The Sunshine Rule: 5 years on - European Medical Journal

The Sunshine Rule: 5 years on

2 Mins
EMJ GOLD
5 years ago, the Sunshine Rule dawned in the UK. The regulation swept away the clouds that cast shade over the pharmaceutical industry’s interactions with its customers, welcoming a new day of transparency and compliance
Words by Cheyenne Eugene

Since the Sunshine Rule came into effect, the scope of interactions between sales reps and healthcare professionals has reduced, and now the medical affairs function often acts as the face of HCP engagement. Emily Pegg, Head of Medical Affairs UK, Oncology, Takeda explains: “Ultimately, the way we interact with HCPs has to provide value to them, the patients, and the rest of the healthcare community… Giving them tickets to something [unrelated], just does not stand up in the current climate.

However, offering them high-quality independent medical education, both product and non-product related, is really important.” Having said this, Pegg acknowledges that: “[Non-promotional related medical education] isn’t necessarily provided within the NHS because there isn’t always the capacity and resources.” She continues: “I do feel that we’re moving towards a more collaborative and educational relationship with HCPs, as opposed to the more traditional sales and promotion-orientated relationship that we’ve seen in the past… the pharma industry is a great provider of high-quality medical education.”

The Sunshine Act was first instituted in the US in 2010 and since then the transparency and anti-corruption regulation has stretched far throughout Europe.

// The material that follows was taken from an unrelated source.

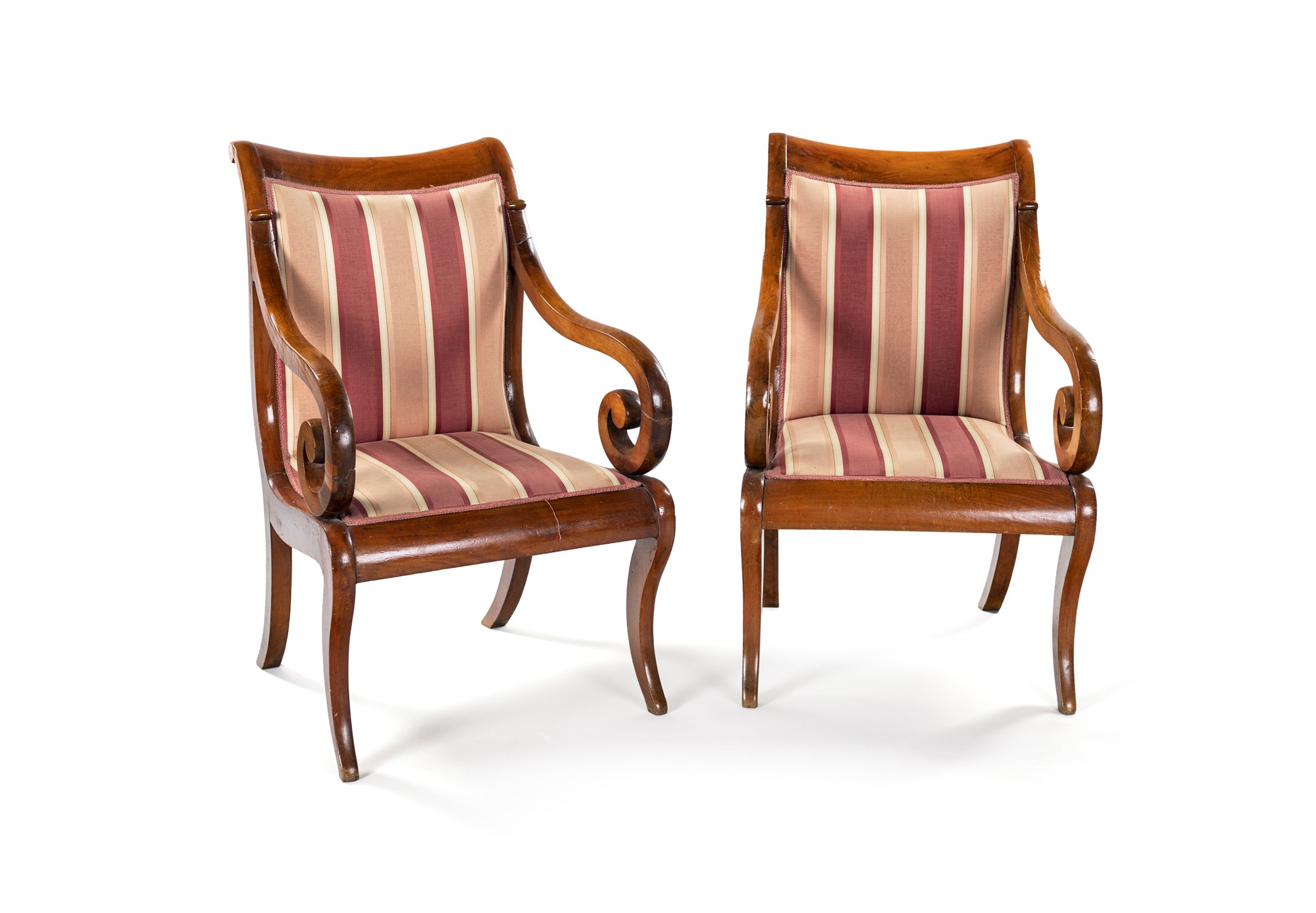 Coppia di poltrone in ciliegio, XIX secolo - con schienale e sedile imbottiti rivestiti in tessuto a righe; braccioli incurvati e gambe lievemente sagomate. - cm 90x54x60
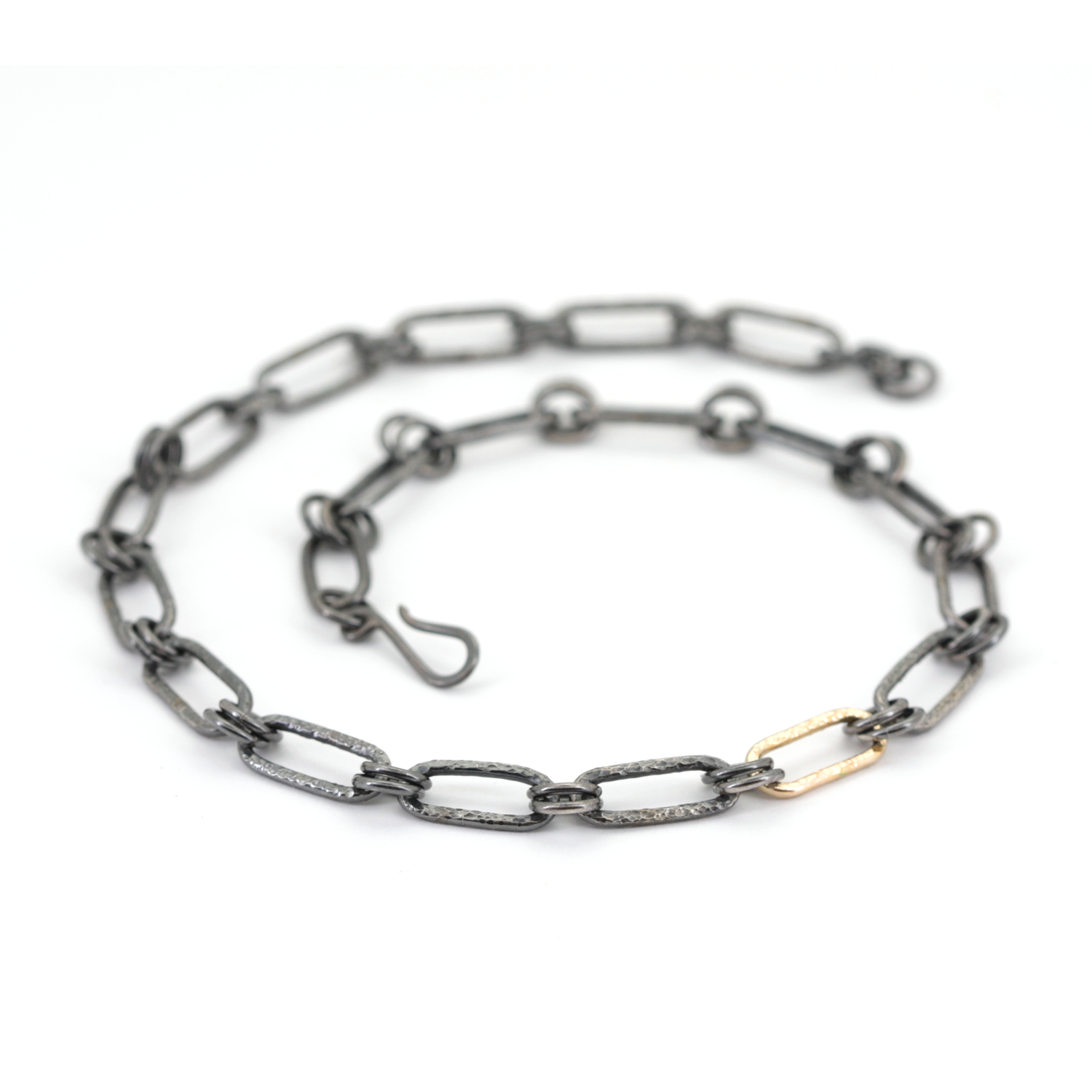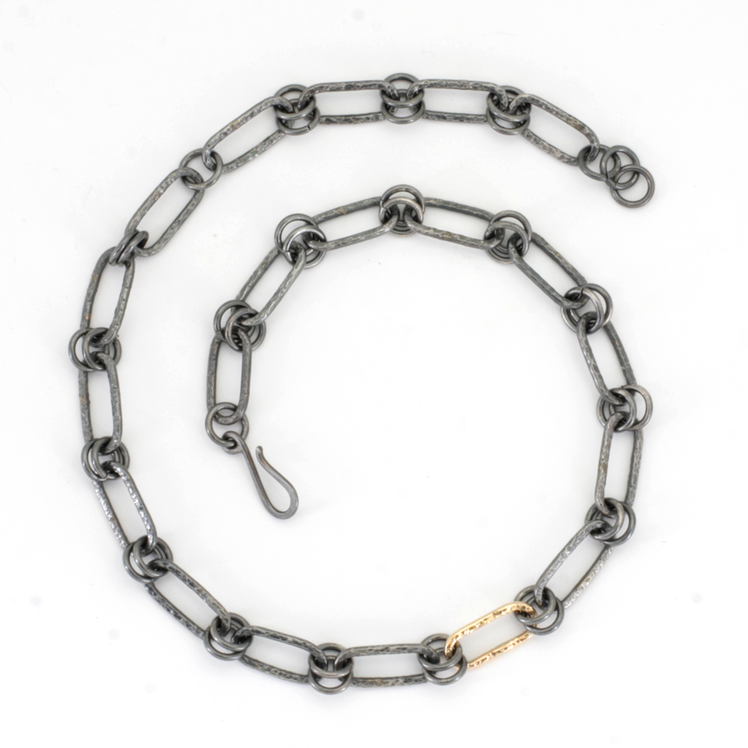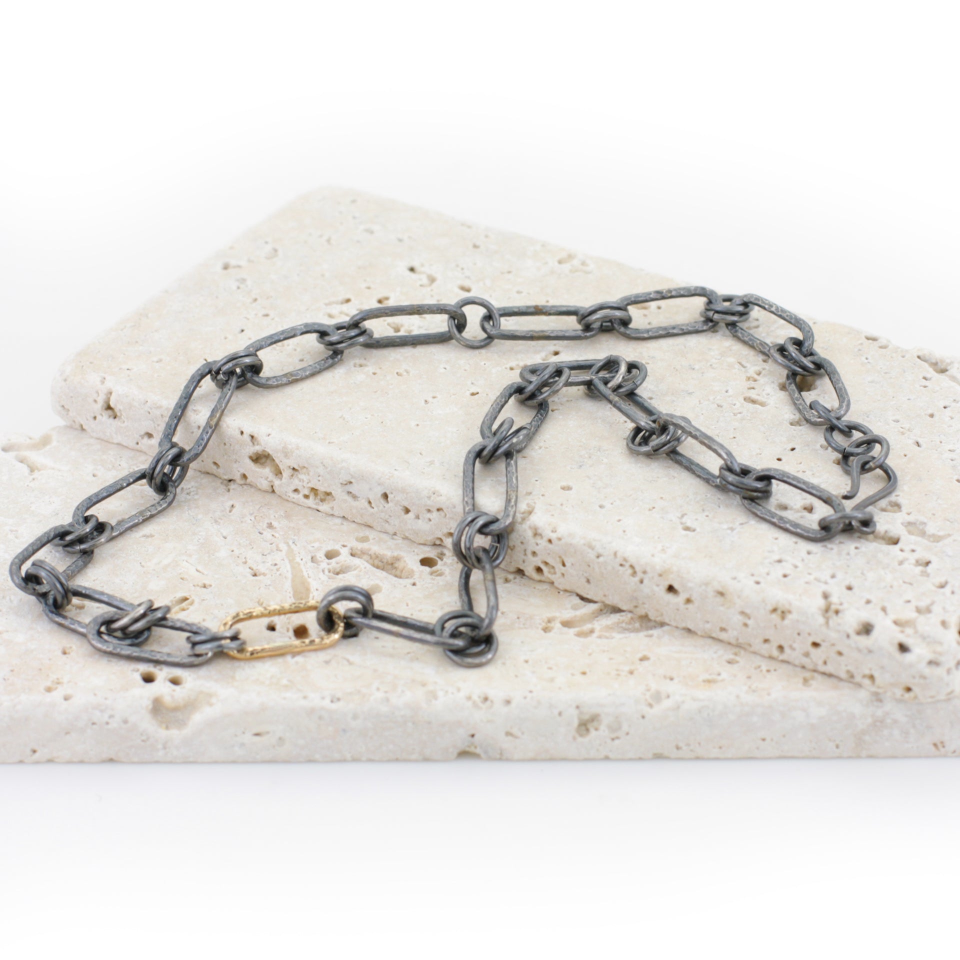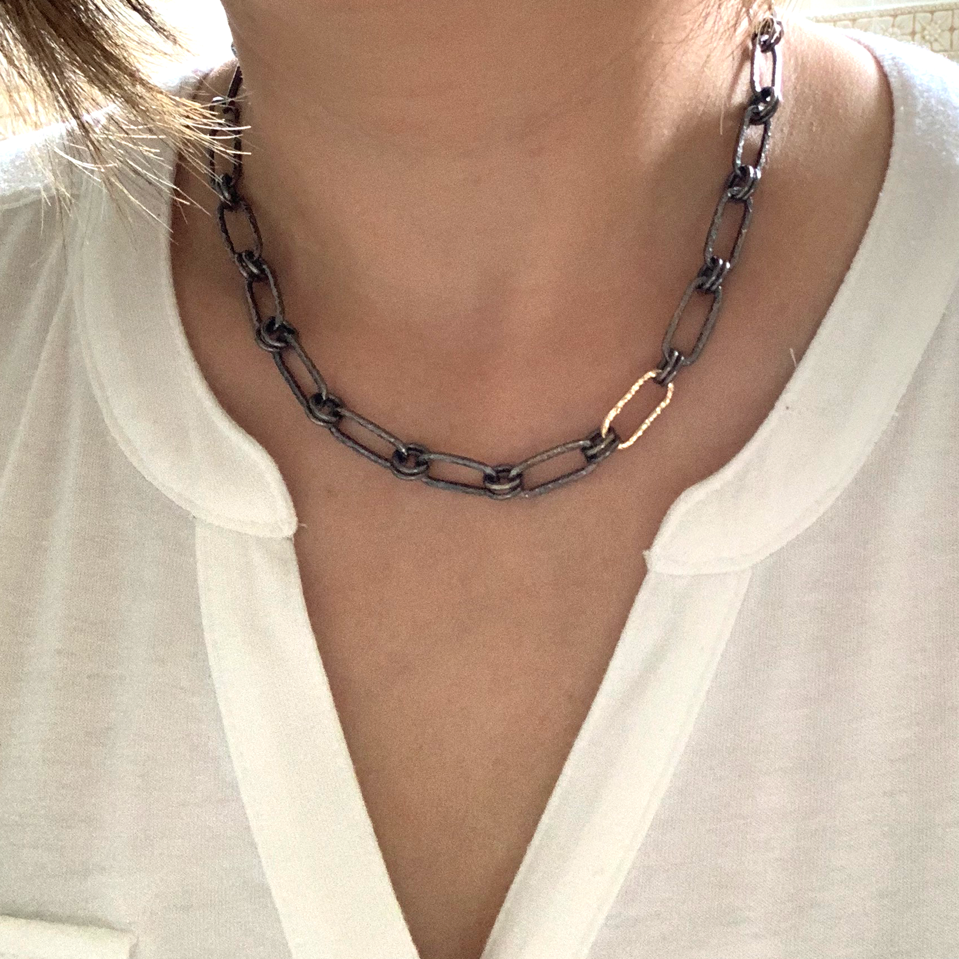 This simple yet bold silver chain radiates confidence. The oxidized textured links really make the yellow gold-filled link POP! This chain has a very nice weight. Great to stack with other necklaces.

While its introduction did spark changes, for many, it simply served as an entrenchment of existing good practice. “Europe has always been cognisant of the importance of not just being compliant, but also of the reputational aspect,” says Miguel Angel de Blas Martín, Senior Marketing Manager, Mundipharma. “For MA, the standards were already high, and this was like a stamp of approval of the high compliance and ethical standards in the pharma industry.”

While the Sunshine Rule has the industry’s commitment and backing, de Blas Martín believes that more must be done for the regulation to enter the public consciousness: “I don’t think the general public is even aware of such an act,” he says. Adding that: “Perceptions are very hard to overturn.” He urges that pharma become better at communicating with the general public on matters pertaining to regulation.

Despite this, Pegg is hopeful about the impact policies like the Sunshine Rule could have on pharma’s reputation in the future. “There is a huge role for these initiatives. They could boost HCP and public confidence in the industry,” she says. “There’s a real lack of public understanding about how pharma works and the value we can bring.” She hopes that this “natural scepticism” will fade over time. She emphasises: “We must be very clear about what we are providing, whether it’s promotional or non-promotional, how it’s actually been planned out, and using HCPs to actually deliver that.”

While it is acknowledged that the Sunshine Rule was not best leveraged to alter public perceptions, the regulation awoke a new era of accountability and transparency within pharma. The Sunshine Rule has solidified and built on the integrity that the MA role represents, and during the next 5 years, it would feel like a wasted opportunity to not consider how we can use additional regulation to illuminate the industry’s integrity even brighter.